A CSL vice-president, Andrea Douglas, said the sweeping reduction in the types of 457 visas showed how the Turnbull government’s laudable innovation policies – including the $500 million Biomedical Translation Fund – can be undermined by changes in other areas.
“Our message is, it could be very devastating but we are confident we can work with the government on it. We understand that on the 1st of July they’ll come out with a revised list of occupations. We are hopeful that in discussions with CSL and others that list will become more palatable to medical research and biotech,” Dr Douglas told The Australian Financial Review.
CSL, Australia’s most successful biotech company, has about 40 foreign workers on 457 visas in its Parkville research laboratories and Broadmeadows production plant, where it has spent more than $450 million over several years on new production facilities for its blockbuster Privigen immune deficiency therapy and Alburex albumin product.

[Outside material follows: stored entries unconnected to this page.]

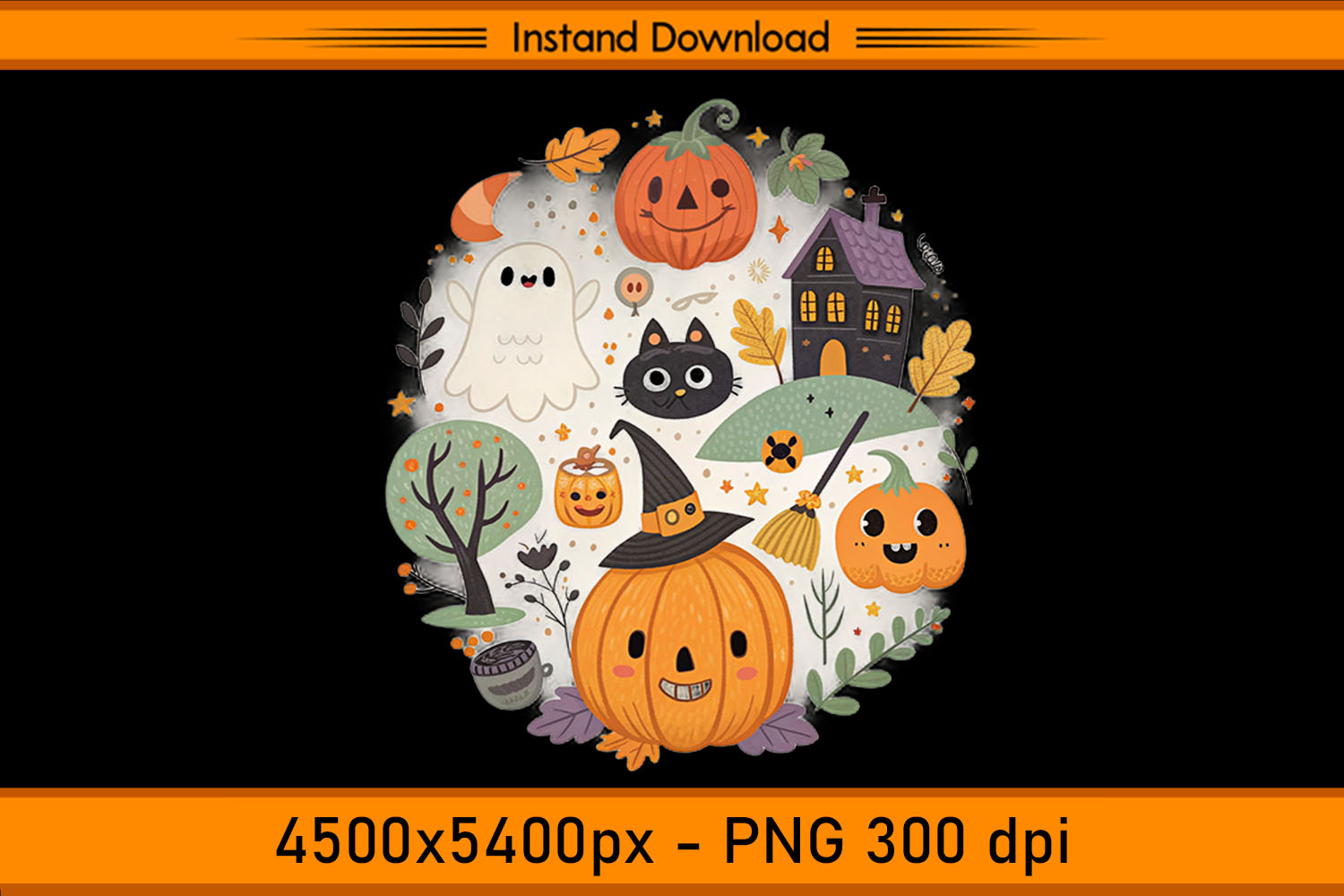 This Cute Pumpkin Ghost and Cat Halloween Sublimation Design brings a joyful Halloween scene to life! The artwork showcases a smiling pumpkin wearing a witch hat, a friendly ghost, a playful black cat, and a cozy haunted house surrounded by autumn leaves, stars, and trees. With its warm fall colors and adorable details, this design is perfect for crafting projects and seasonal products.
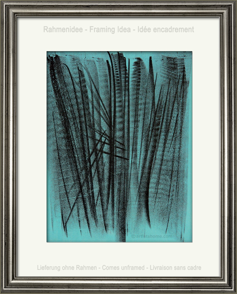 A typical work from the early sixties - abstract composition by Hans Hartung in black on turquoise ground.
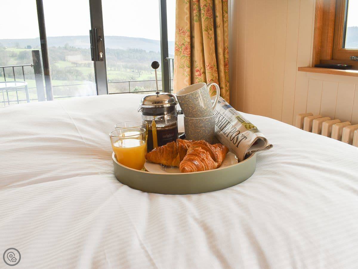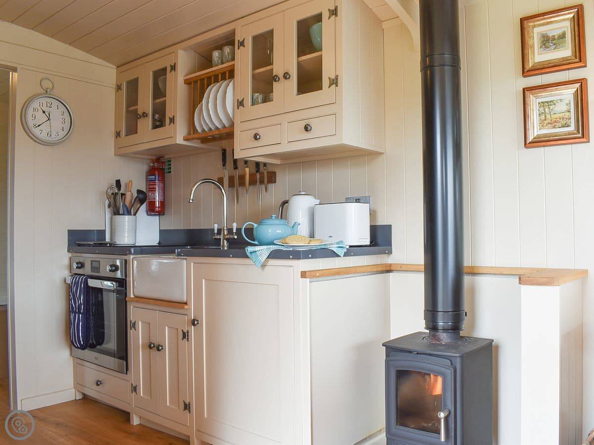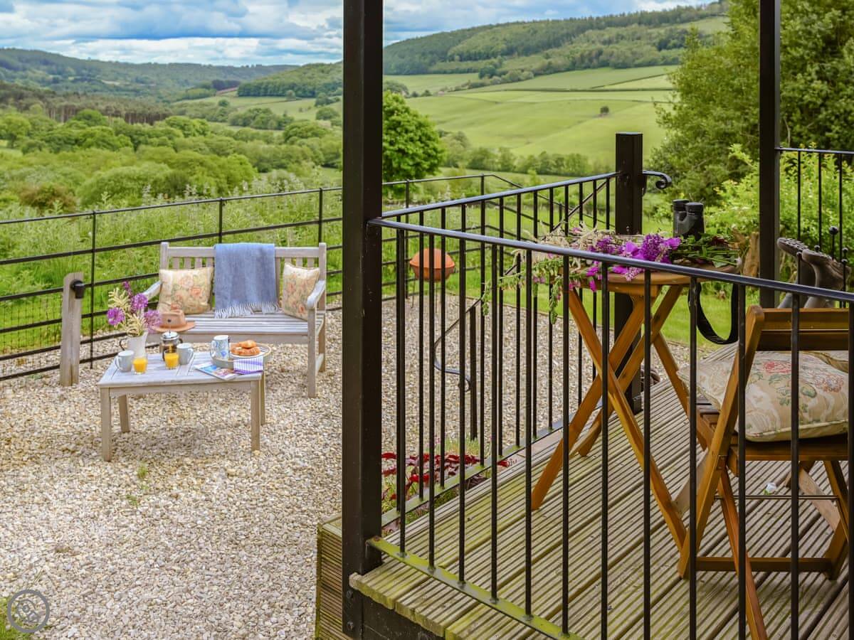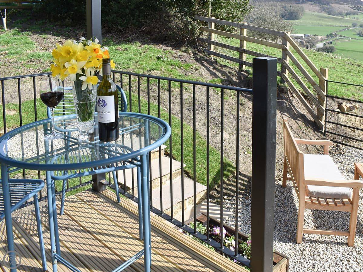 Inside, there's a wood burner for heat. We leave you some local bits to eat when you arrive. Outside, it's in the old orchard. There's a deck with chairs that looks out over the valley.

The company has written to immigration minister Peter Dutton, industry minister Arthur Sinodinos, health minister Greg Hunt and employment minister Michaelia Cash to point out how the exclusion of skilled categories such as biochemist, microbiologist and production manager from 457 visa eligibility could hamstring its global operations.
Dr Douglas said CSL relies on being able to move highly skilled workers between its plants in the US, Europe and Australia to transfer skills and stay at the forefront of the fiercely competitive blood products market. The Broadmeadows Privigen plant is modelled on a plant in Bern, Switzerland, and its top manager and several other key executives are foreign workers on 457s.
“We have no other industry in Australia so often we do need to bring in highly skilled people from overseas because that’s where the industry is,” Dr Douglas said.
“We are expanding our capacity at Broadmeadows. We are putting in new innovative processes that are modelled on our Bern site, so we are bringing in highly skilled people from that facility to transfer that knowledge to here and that does go from the most senior people to more junior people. It’s all about trying to create that capacity in Australia so what we can make innovative products here as well.”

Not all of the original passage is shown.